My suggestion is to keep analysis code and data in separate git repos.

The reason is that most everybody will advise against putting binary data (i.e. in the linguistics case: audio/ema/ultrasound recordings and derived signals such as formant tracks) in a git repo in the first place. This is generally considered bad practice, because it's hard for Git to be efficient when these files are changed (as opposed to source code, where Git is very efficient - this is also what Git was designed to do: track changes in source code).

However, I don't really see a problem in the linguistics case, mainly because our binary data hardly ever change. It's therefore not a big deal if changes to them are somewhat inefficient.

But one problem will arise if you store these binary data in the same repo as your analysis code: It gets hard to download only the code. If you want to download the code (which should be very fast since it's usually no more than a few kilobytes), you are basically forced to download all the raw data as well – which is usually slow because it's on the gigabytes order.

@raphywink Maybe we can add some of this to the manual.

raphywink commented 5 years ago

@MJochim toats agree! If locally you want both in the same folder I'd add the emuDB as a Git submodule: https://git-scm.com/book/en/v2/Git-Tools-Submodules

raphywink commented 5 years ago

Oh just btw: the tutorial explains how to setup git-lfs so that reduces (if not solves) the problem of changing binary files.

trblslp commented 5 years ago

Thanks @MJochim and @raphywink – the submodule idea looks interesting, but also I'm not sure what the consequences would be for the average emuDB user, so I think it'd be worth having some pointers on this in the manual. For example, if I have the emuDB as a submodule, how will I then have to navigate my changes and commits in, say, RStudio? If I plan to do some risky changes to the database structure and make new branch for this, how much of a headache will it give me? ... At the moment I have separate git/git-lfs repos for data and code, and I think it's probably the most painless way to do it. But a bit of extra hand-holding in the manual wouldn't hurt.

raphywink commented 5 years ago

hmmm yes and no. In my opinion, Git and EMU are two different beasts and what the manual is trying to show the user is how to get Git versioning up and running and not how to actually use Git. Using submodules alone is a pretty advanced topic and you can do a thousand things with them. However, I def. don't want to open up the can of worms of trying to explain them to the user (plenty of that elsewhere on the web). That being said, I'll def. go through the tutorial and see if I can't add something about "us recommending keeping data + analysis scripts sep."

MJochim commented 5 years ago

But a bit of extra hand-holding in the manual wouldn't hurt.

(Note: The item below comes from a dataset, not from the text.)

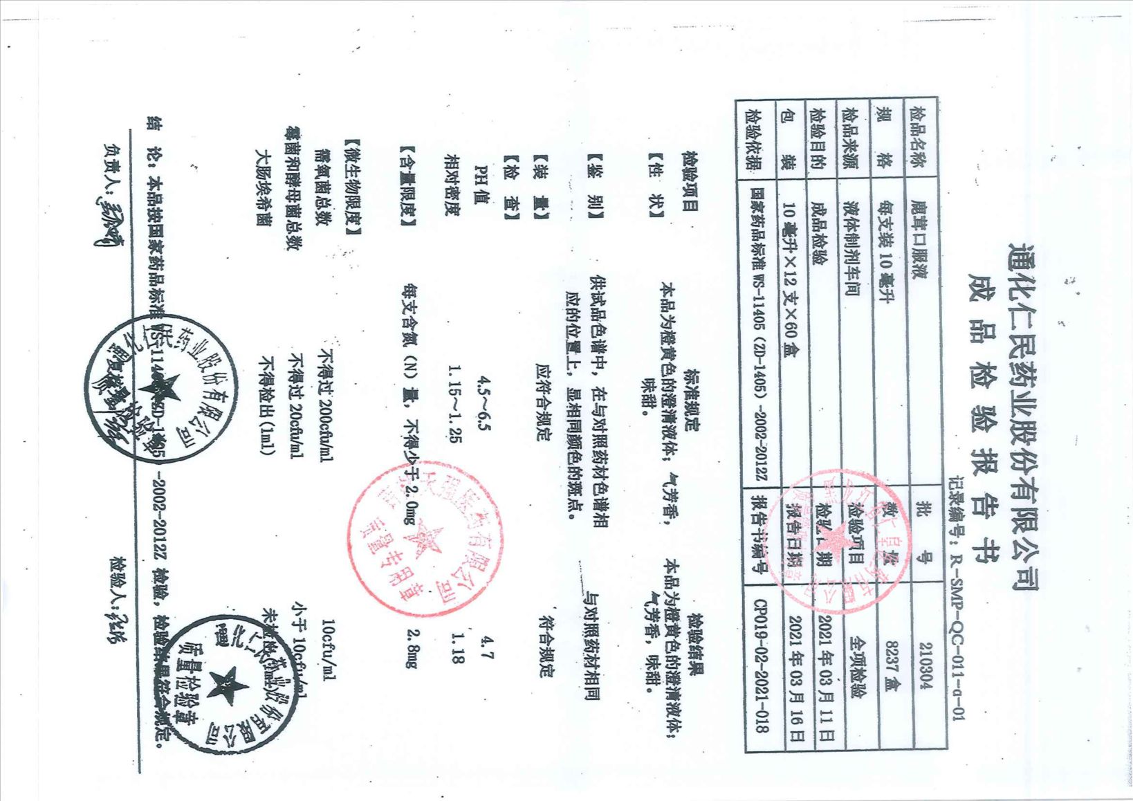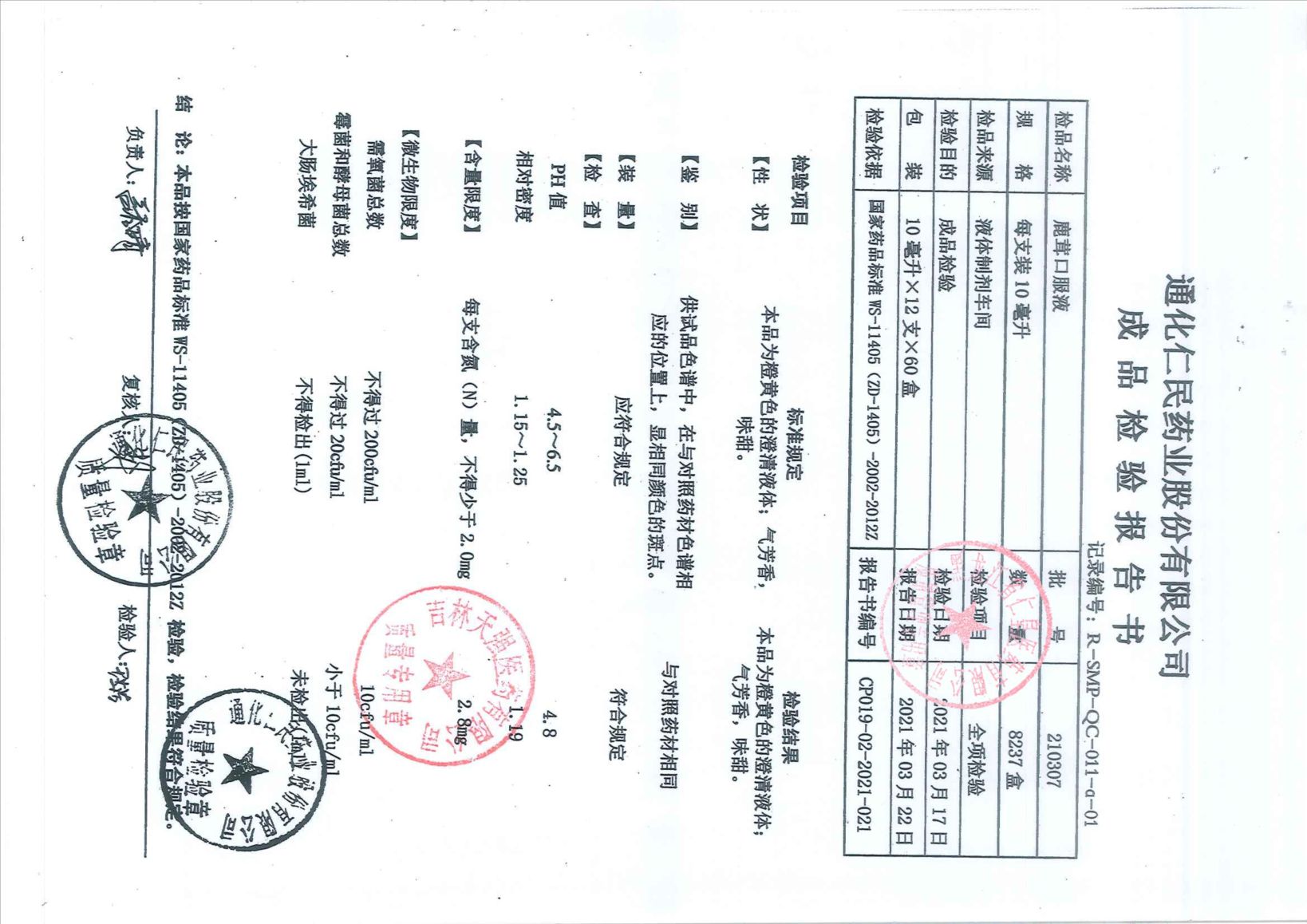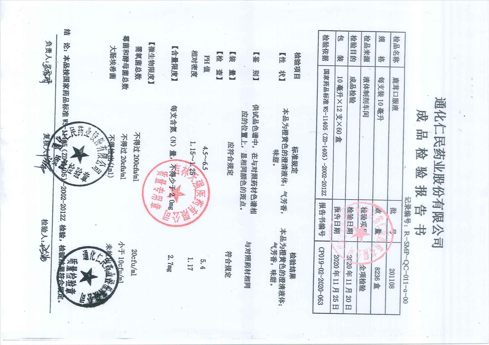 鹿茸口服液20110

I applaud your wording ;-).

Personally I have never used submodules for this kind of work, but I think it can be a good idea. What I usually do is, I add a raw-data directory in my code repo and add a .gitignore file inside it with this content:

# Ignore everything in this directory
*
# Except this file
!.gitignore

This way I can have the raw data in a subdir of my code and not have to worry about accidentally committing it. If I want to check out an earlier commit of my raw data, I use the command line instead of RStudio.

MJochim commented 5 years ago

hmmm yes and no. In my opinion, Git and EMU are two different beasts

I definitely agree with you as far as explaining advanced git topics in the emu manual is concerned. However, I have somewhat diverged from the opinion (but this is getting off-topic) that proper separation of concerns requires that emuR and git be thoroughly disjunct code-wise. After all, the EMU-SDMS is supposed to be a database management system and as such should strongly integrate a concept as important as data versioning.

trblslp commented 5 years ago

hmmm yes and no. In my opinion, Git and EMU are two different beasts and what the manual is trying to show the user is how to get Git versioning up and running and not how to actually use Git. Using submodules alone is a pretty advanced topic and you can do a thousand things with them. However, I def. don't want to open up the can of worms of trying to explain them to the user (plenty of that elsewhere on the web). That being said, I'll def. go through the tutorial and see if I can't add something about "us recommending keeping data + analysis scripts sep."

Sorry I should clarify. I definitely wouldn't want you to explain git, more just give the reader some points for consideration/alert them to potential undesirable consequences/suggest best practice/refer some further reading – much as you say here. Using git in this context is, I think, still quite a bit unlike using it for more text-based content. The reason I brought the issue up was that I was following the EMU manual's guide on setting up a git repo, and then thought it would really be a good idea for me to establish a bit of hygiene in my Rstudio project and set it up as a git repo too (following this guide). But since my rstudio project folder was the parent of my emuDB, I thought some kind of horrible recursive versioning nightmare might ensue. I still don't know if that would necessarily occur! 😱

trblslp commented 5 years ago

and I should say that I think that a paragraph or so on these points would probably manage to be comprehensive enough, not a whole page or anything...

raphywink commented 5 years ago

concerns requires that emuR and Git be thoroughly disjunct code-wise

like you hinted at: sort of off topic regarding this issue. Somehow including automatic Git versioning in emuR is a whole different discussion (of which we have had many ;-))

raphywink commented 5 years ago

@trblslp I'll def. look into if we can give some helpful pointers. I just want to avoid explaining / answering Git related questions as Git is super flexible and powerful.

raphywink commented 5 years ago

you guys think that'll do?

trblslp commented 5 years ago

Yep looks good!

raphywink commented 5 years ago

@MJochim if you disagree simply reopen

MJochim commented 5 years ago

nope thats good, thanks!